A little insight into the life of seminarians from various dioceses preparing for ministry as Roman Catholic priests, including daily activities, personal interests, special events, the spiritual life, news from the seminary, and almost whatever comes to our minds!



Tuesday, February 19, 2008

The Christian Lens

I have the pleasure this semester of taking as an elective a course titled Literature from the Christian Perspective. In it, we’re examining poems, novels, and short stories through a Christian lens—that is, applying the Christian perspective to what we read. We recently finished reading Ernest Hemingway’s The Sun Also Rises, a fantastic novel that borrows its title from the Book of Ecclesiastes and poignantly captures the hopelessness and emptiness of vanity — of living life without acknowledging the Lord as source and summit.

I read this novel about five years ago while traveling on an airplane to Madrid. On that trip, I read mostly for the European cultural aspect, hoping to get some idea of how to really “do” Spain. In doing so, I certainly enjoyed the novel, but I did not get out of it what I did when reading from the Christian perspective. I read past the lives of despair sloppily patched with socializing, drinking, and licentiousness.
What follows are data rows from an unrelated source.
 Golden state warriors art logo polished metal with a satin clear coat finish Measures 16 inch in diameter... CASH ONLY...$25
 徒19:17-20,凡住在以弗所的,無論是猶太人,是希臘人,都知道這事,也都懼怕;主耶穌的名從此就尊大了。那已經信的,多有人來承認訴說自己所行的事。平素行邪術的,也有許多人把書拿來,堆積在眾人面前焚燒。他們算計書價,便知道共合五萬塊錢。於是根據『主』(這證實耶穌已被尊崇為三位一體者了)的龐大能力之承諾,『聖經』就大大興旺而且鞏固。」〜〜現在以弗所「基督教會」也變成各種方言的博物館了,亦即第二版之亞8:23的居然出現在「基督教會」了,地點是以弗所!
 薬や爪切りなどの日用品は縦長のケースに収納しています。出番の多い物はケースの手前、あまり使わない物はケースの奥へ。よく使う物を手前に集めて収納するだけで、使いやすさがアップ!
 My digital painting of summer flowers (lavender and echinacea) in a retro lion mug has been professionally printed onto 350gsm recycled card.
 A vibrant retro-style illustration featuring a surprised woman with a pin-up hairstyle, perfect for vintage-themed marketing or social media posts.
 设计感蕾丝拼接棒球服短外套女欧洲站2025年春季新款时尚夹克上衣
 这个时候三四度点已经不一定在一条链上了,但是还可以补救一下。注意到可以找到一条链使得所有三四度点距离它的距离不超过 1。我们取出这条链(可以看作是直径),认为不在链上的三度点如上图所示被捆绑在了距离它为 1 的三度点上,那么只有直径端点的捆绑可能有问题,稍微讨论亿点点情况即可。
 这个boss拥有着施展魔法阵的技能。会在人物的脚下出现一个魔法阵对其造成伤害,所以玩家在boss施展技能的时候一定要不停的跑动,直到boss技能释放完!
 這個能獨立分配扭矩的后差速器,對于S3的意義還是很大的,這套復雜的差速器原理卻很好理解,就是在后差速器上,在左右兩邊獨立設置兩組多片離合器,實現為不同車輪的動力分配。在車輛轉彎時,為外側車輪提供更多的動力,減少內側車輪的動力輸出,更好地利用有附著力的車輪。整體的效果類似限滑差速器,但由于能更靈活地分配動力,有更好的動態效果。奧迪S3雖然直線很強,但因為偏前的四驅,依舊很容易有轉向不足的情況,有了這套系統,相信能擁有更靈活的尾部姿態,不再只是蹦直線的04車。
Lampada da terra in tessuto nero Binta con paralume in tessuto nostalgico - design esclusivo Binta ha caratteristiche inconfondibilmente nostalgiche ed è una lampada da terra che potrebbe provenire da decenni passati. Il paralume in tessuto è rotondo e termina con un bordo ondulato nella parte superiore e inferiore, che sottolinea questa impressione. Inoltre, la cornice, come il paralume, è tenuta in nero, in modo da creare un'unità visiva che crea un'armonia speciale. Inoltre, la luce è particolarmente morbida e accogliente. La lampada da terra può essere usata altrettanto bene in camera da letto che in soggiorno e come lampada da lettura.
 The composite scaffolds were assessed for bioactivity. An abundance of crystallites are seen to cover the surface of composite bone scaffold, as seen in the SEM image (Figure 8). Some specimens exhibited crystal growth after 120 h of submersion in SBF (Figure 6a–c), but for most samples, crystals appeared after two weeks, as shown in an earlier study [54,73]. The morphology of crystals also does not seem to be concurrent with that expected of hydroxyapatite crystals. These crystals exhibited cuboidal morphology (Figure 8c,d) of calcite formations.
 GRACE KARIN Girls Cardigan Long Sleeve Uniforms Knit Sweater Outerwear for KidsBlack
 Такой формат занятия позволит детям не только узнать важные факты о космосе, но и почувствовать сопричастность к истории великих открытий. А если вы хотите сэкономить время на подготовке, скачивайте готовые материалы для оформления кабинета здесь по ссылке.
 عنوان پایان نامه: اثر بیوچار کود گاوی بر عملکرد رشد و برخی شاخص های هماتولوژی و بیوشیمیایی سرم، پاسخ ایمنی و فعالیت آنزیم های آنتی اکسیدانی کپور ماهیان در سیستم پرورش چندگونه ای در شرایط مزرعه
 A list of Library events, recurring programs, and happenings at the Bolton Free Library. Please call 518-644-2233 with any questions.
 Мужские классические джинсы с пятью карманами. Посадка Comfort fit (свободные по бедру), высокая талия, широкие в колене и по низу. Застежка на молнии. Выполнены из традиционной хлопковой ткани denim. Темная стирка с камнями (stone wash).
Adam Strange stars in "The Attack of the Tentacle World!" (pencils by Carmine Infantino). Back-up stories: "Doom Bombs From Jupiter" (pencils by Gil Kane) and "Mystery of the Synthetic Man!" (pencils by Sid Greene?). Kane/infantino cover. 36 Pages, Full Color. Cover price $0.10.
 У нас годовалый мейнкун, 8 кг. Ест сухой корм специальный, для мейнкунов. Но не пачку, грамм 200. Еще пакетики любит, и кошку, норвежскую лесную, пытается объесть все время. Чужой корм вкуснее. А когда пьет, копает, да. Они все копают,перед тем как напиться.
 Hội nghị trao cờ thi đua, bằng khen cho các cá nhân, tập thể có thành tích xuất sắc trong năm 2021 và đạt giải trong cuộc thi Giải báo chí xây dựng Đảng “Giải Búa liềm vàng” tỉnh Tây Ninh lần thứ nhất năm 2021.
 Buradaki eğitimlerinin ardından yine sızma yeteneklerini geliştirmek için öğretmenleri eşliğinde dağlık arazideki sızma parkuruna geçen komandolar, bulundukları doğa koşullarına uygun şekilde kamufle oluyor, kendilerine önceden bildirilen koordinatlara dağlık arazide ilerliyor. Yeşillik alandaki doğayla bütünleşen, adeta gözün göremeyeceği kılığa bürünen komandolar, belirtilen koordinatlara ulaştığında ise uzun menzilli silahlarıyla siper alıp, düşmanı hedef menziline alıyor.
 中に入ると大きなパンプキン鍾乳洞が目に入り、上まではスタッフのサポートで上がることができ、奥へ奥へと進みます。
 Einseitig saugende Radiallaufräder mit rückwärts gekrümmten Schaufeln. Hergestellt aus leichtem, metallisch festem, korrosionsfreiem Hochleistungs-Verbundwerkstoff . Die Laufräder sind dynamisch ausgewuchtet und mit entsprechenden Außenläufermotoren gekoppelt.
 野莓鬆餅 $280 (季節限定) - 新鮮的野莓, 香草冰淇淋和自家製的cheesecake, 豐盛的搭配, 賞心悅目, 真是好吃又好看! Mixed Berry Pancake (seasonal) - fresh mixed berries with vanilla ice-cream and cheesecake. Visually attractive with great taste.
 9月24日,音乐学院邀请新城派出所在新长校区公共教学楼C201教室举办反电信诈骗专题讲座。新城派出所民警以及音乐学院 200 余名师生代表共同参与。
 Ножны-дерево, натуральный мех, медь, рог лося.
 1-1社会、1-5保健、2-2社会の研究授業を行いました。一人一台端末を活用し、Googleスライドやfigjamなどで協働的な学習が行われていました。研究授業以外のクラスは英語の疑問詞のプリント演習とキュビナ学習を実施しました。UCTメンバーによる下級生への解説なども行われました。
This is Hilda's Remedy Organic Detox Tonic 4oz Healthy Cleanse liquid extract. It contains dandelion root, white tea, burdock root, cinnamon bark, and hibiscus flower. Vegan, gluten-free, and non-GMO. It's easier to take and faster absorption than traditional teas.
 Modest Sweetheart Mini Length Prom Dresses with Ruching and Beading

I missed the commentary about life lived without a higher purpose. I did not see my friends in those pages, nor did I see a way to help them.

My change in intention made all the difference. And it is a change in the way of reading that I intend to employ for all future reading, especially novels. T.S. Eliot wrote: “But I incline to come to the alarming conclusion that it is just the literature that we read for ‘amusement,’ or ‘purely for pleasure’ that may have the greatest and least suspected influence upon us. It is the literature which we read with the least effort that can have the easiest and most insidious influence upon us.”

When we read a book that is aimed at spiritual growth, financial management, breaking our vices, or other similar themes, it seems that we read with intention, planning to make some change we want to make because of what we read. Similarly, if we embark on reading something that we know opposes what we believe, such as a religiously- or politically-charged commentary, we will do so with our defenses up. However, when we read for entertainment, and I believe this is Eliot’s point, we read differently. In reading for entertainment, we do not look for intentional steps to change and we do not put up our guard. We read simply to enjoy, perhaps even thinking that the fictional world is so different from our own that what happens in it does not really pertain to our own lives. In these situations, if we are open to whatever happens in the chapters, the influence is made. We come to condone, accept, or even look forward to the fictional thoughts and behaviors. Holden Caulfield’s flippancy becomes appealing. Ignatius J. Reilly’s lack of social tact becomes charming. A fiesta with Jake Barnes and company seems incredibly fun. Eliot contends that such things have an insidious influence upon us.

What to do? Stop reading for entertainment? Only read Christian novels? Put our Christianity on hold for the sake of entertainment? These are not good options. My vote is to approach literature (and music and movies and art and…) the same way we do life—with intention and on guard, confident and grounded in faith.